Dès lors, on sait qu’on ne sait pas si la crise financière déchaînera une crise économique. Simultanément, l’économie mondiale signe une cinquième année de croissance historique(2007). Tandis que Wall Street et les Bourses européennes terminent une année rouge ou blanche, l’Asie brille d’un vert éclatant.
Car elles seront glorieuses, ces Trente globales qui propulsent pour plusieurs décennies l’économie mondiale à un rythme encore jamais vu. Car le monde émergent, de cerise sur le gâteau en devient lui-même une sacrée tranche en assurant les deux tiers de la croissance mondiale. C’est la première crise globale, qui réclame les premières solutions globales, dans le premier cycle long de la croissance globale. Le monde découvre cahin-caha les règles de fonctionnement de la globalisation. Tout événement particulier, comme la pièce du puzzle, doit être replacé dans le contexte de la mondialisation dont on cherche maladroitement à deviner les contours. Et d’un. L’hyper croissance mondiale entraîne une forte hausse du coût des produits de base (pétrole, gaz, métaux, produits alimentaires,…) ; mais le surplus considérable de main d’œuvre très bon marché des pays émergents coiffe les salaires, soumis désormais à la concurrence internationale, et enraye la spirale inflationniste mondiale. Les marchés de taux ne croient d’ailleurs pas à l’inflation, et ils ont très probablement raison. Or, ce fut toujours l’inflation qui sonna le tocsin de la croissance. Et de deux. Les circuits de l’argent global empruntent des labyrinthes inexplorés. Les excédents des pays exportateurs de produits de base et de main d’œuvre à bas coût ont été recyclés vers le pays déficitaires, surtout les Etats-Unis. Et de trois. Il n’y a aucun précédent à l’imbroglio mondial des changes qui, par miracle, n’a nullement affecté jusqu’ici l’hyper croissance mondiale.

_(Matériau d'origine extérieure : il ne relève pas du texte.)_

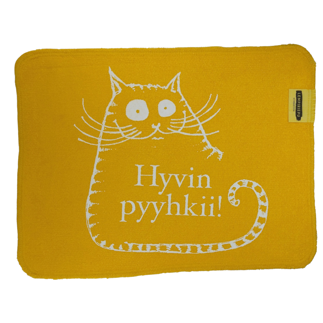 Lempiriepu siivousliina on kestävä ja pestävä bambuinen keittiöön ja siivoukseen sopiva liina, joka on kotimaista käsityötä. Pehmoinen kaksinkertainen bambutiskirätti on paitsi kaunis katsella, myös imee nestettä erittäin hyvin sekä kuivana että kosteana. Näissä rievuissa kuvio puoli on sileä ja nurja pehmeää lenkkipintaista collegea. “Hyvin pyyhkii!” -kuosin on suunnitellut Tuuni Turula design.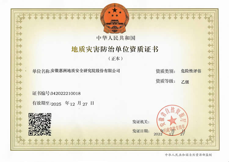地質(zhì)災害防治危險性評估乙級資質(zhì)證書

Donc notre flamboyant euro reste seul candidat à la hausse, malgré l’esthétique économique européenne seul candidat à la hausse, malgré l’asthénie économique européenne. Si 2008 est incertain, les années qui suivront paraissent assez limpides. Les boussoles s’affolent aujourd’hui, mais pour demain elles indiquent la direction sans hésitation : celle d’une longue et forte croissance mondiale tirée par l’Asie. Bien sûr, le ralentissement du Nord influencera fatalement les économies du Sud. Il aura fallu du temps pour que les Etats-Unis surpassent la « vielle Europe », et celle-ci n’y a rien perdu lorsque ce fut le cas. Il en faudra aussi pour que le centre de gravité de la planète change à nouveau de continent. Mais le mouvement clairement engagé, plus rapide que ne le dit le consensus, et plus profitable à tous que ne cherchent à le faire croire les perdants et les frileux, qu’il faut assister, mais pas écouter. Car la vraie menace de désastre mondial serait le réveil du protectionnisme sous toutes ses formes. C’est la leçon qu’il faut tirer de la crise de 1929 et des drames qui l’ont suivie. Lorsqu’on observe le pragmatisme actuel de Wall Street à l’égard des fonds souverains, on se prend à espérer en un avenir très brillant pour la planète entière, que les turbulences probables des prochains mois ne sauraient gâcher pour qui sait déchiffrer les hiéroglyphes des débuts de l’ère globale.